* Your assignment
Give again, unaltered, the lines of the listing below that run from the line having "Asciugamani bagno blu" through the line having "Select any artifact".
[Material provided Boundary: Start]
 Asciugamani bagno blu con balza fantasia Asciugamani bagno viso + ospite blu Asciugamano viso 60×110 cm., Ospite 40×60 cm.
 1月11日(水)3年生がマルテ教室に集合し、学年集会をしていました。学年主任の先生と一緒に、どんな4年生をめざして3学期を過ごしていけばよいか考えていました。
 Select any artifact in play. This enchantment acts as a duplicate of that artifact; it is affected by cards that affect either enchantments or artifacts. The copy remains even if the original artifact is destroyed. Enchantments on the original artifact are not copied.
[Material provided Boundary: End]
[Material provided Boundary: Start]
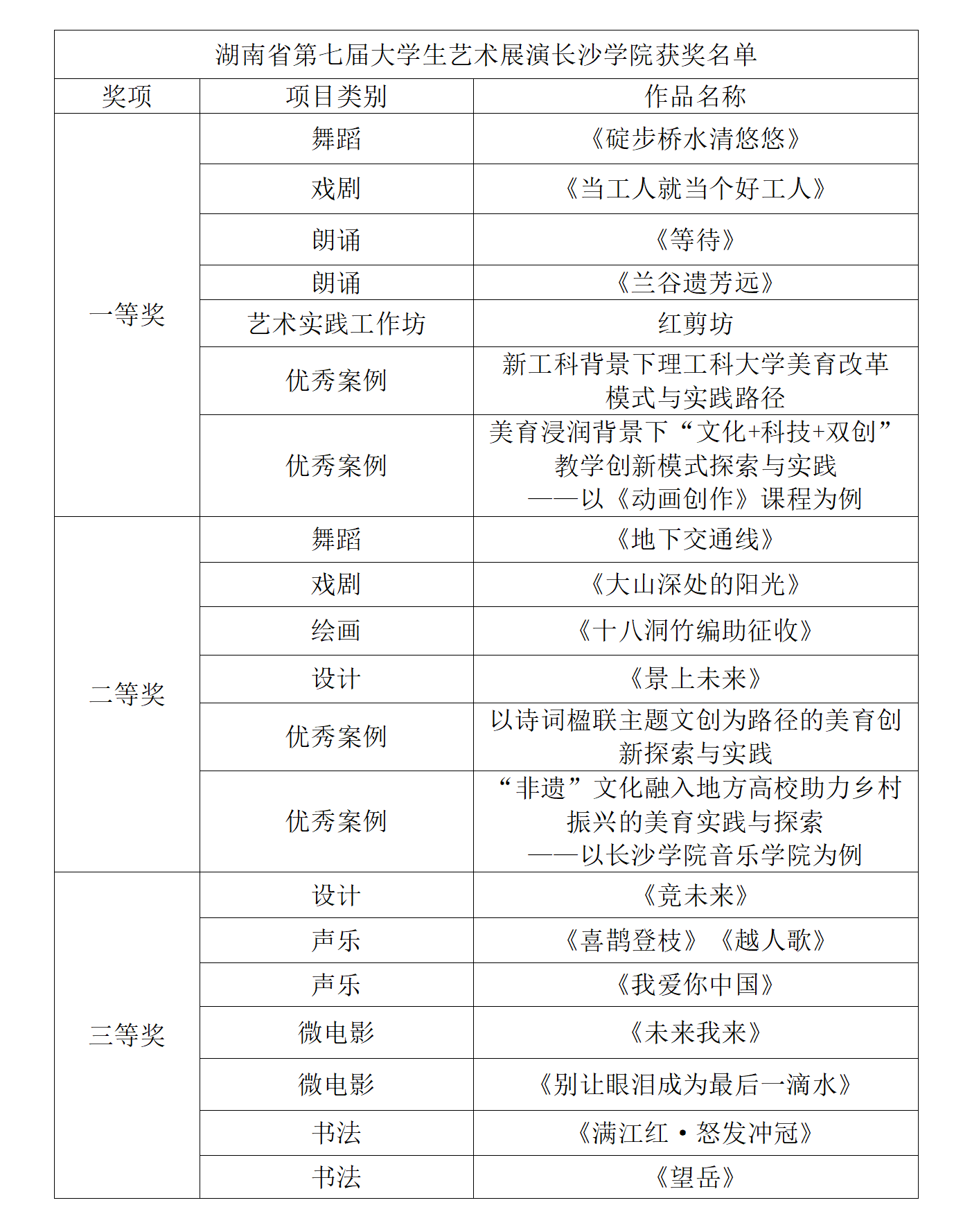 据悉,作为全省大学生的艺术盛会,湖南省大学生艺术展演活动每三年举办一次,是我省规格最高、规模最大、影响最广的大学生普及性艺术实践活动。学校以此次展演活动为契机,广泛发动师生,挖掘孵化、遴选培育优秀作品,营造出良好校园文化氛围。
[Material provided Boundary: End]
[Material provided Boundary: Start]
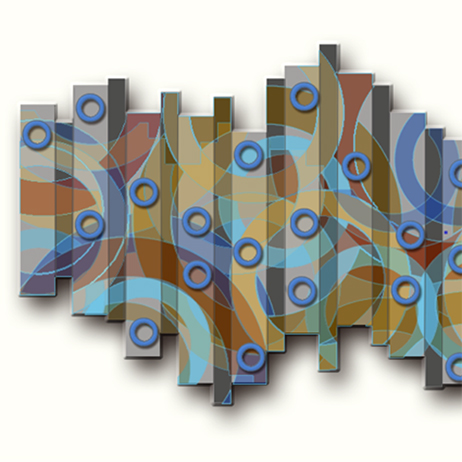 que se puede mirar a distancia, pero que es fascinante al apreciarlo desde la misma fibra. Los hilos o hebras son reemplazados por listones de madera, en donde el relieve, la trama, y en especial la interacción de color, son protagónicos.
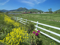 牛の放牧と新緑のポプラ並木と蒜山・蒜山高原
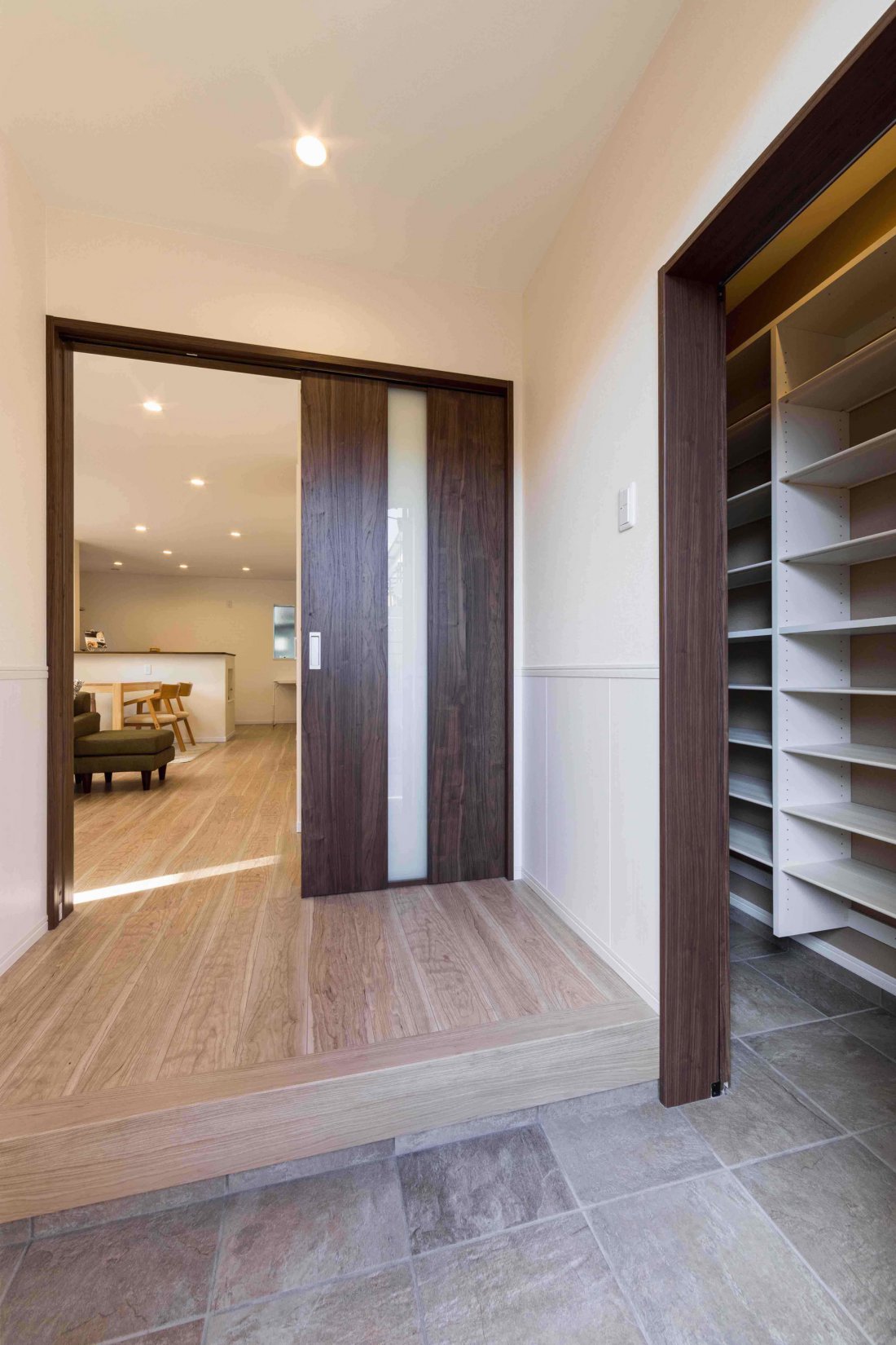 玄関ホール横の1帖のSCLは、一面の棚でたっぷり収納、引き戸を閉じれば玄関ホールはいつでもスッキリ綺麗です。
[Material provided Boundary: End]
* Answer to this task
 Asciugamani bagno blu con balza fantasia Asciugamani bagno viso + ospite blu Asciugamano viso 60×110 cm., Ospite 40×60 cm.
 1月11日(水)3年生がマルテ教室に集合し、学年集会をしていました。学年主任の先生と一緒に、どんな4年生をめざして3学期を過ごしていけばよいか考えていました。
 Select any artifact in play. This enchantment acts as a duplicate of that artifact; it is affected by cards that affect either enchantments or artifacts. The copy remains even if the original artifact is destroyed. Enchantments on the original artifact are not copied.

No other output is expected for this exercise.